QuebecBagnet · 11/09/2022 08:19

I think your SIL should say sorry to you for insisting you watch that film.

Gemma987 · 11/09/2022 08:20

She was scared and you didn’t really listen to her. Her mum is also most probably her safe space so I’m not surprised she cried when she saw her. Bad film choice by SIL but not a great move from you not taking her out either.

XelaM · 11/09/2022 08:20

It looks like a fairy tale film. I think the child is being a drama queen. I wouldn't take her out again. But to keep the peace I would apologise, just not take her anywhere again.

Rosecoffeecup · 11/09/2022 08:21

What does the drink and popcorn have to do with this?

BrutusMcDogface · 11/09/2022 08:21

Actually, your SIL also owes her daughter an apology. And if I were you, I’d think twice before taking her out again.

Mariposista · 11/09/2022 08:23

Your SIL clearly treats her like a precious princess and panders to her. Tell her ‘sorry she had a bad experience, look elsewhere for childcare next time’.

Completelyovernonsense · 11/09/2022 08:25

This reply has been withdrawn

This has been withdrawn at poster's request

henni85 · 11/09/2022 08:26

Also, when I was about 4 I was absolutely terrified of the Wombles! Even the theme music would set me off. I remember being dismissed by family “oh it’s nice music, there’s nothing to be scared of, etc”. I was still scared of the bloody program until I was about 10! Sometimes kids have really irrational fears, and learn to hide them if they are dismissed

TyFly · 11/09/2022 08:26

Rosecoffeecup · 11/09/2022 08:21

What does the drink and popcorn have to do with this?

Can you really not understand that having purchased drinks and popcorn would make someone a little less keen to leave after a few mins compared to not having made said purchases?

Connie2468 · 11/09/2022 08:26

Weird and mean of you to force a child to stay in a film when she told you she was scared.

You had the power in the situation. She couldn't remove herself, she was reliant on you.

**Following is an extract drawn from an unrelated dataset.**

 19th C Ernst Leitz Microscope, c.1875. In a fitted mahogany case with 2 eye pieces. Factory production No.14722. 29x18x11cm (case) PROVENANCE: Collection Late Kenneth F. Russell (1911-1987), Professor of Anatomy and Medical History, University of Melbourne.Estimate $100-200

Onlyforcake · 11/09/2022 08:28

Dark Crystal was a scary film for me as a child at the cinema. (Weirdly I was 7)
But it was also my favourite movie. Make of that what you will. Obviously it was the early 80s and my parents spproach was I needed to toughen up. Treating her as manipulative is a quick route to not being trusted anymore either her.

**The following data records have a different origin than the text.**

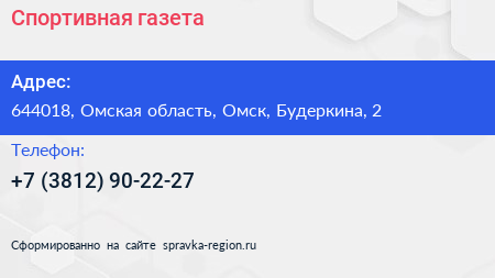 Спортивная газета+ по адресу 644018, Омская область, Омск, Будеркина, 2 в дальнейшем Организация, размещена в следующих категориях:
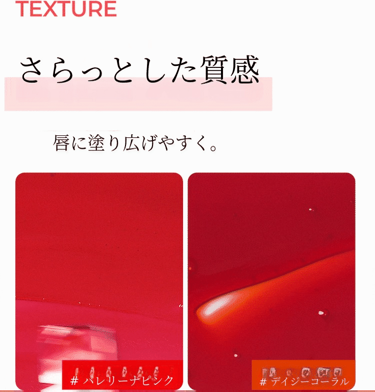 ややさらっとしたテクスチャーで、唇に伸ばしやすいように開発されました。
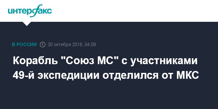 Москва. 30 октября. INTERFAX.RU - Космический корабль "Союз МС" отстыковался от Международной космической станции (МКС) и готовится взять курс на Землю.
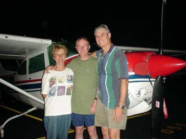 With Ron, in front of a Cessna 182, before a night flight over New York City (August 2000).

Phineyj · 11/09/2022 08:30

I screwed up in a similar way with a niece of a similar age with The Princess Bride.

Ime films and DC have changed a bit since my late 70s/early 80s childhood. Maybe there is more terrifying stuff on the news...we need fiction to be more cosy?

I would tread a little carefully here if you value the relationship with SIL and niece, as differences over parenting and judgement can really drive a wedge!

Hopefully you won't have a massively anxious DC.

PurpleFlower1983 · 11/09/2022 08:31

YABU, that film is creepy as fuck!

turningpurpleygreen · 11/09/2022 08:32

I remember going to see that film at the cinema when it came out.

I didn't understand it and was bored for most of
It

I bet she felt the same

Castleheights · 11/09/2022 08:33

Yabu a 7 year old would not be familiar with 1980’s creepy puppet film at all !! I am not actually not surprised she was scared. You like the film clearly, and thought she would. Yuo were wrong and should apologise.

girlmom21 · 11/09/2022 08:33

Rosecoffeecup · 11/09/2022 08:21

What does the drink and popcorn have to do with this?

To show what a wonderful aunt she is.

Peashoots · 11/09/2022 08:34

Gobsmacked at the responses here. She sounds like a drama Queen and attention seeking little madam.
she was obviously bored and not enjoying the film, which is fine, but using the scared excuse because she didn’t want to stay through it.
I wouldn’t be taking her again in a hurry.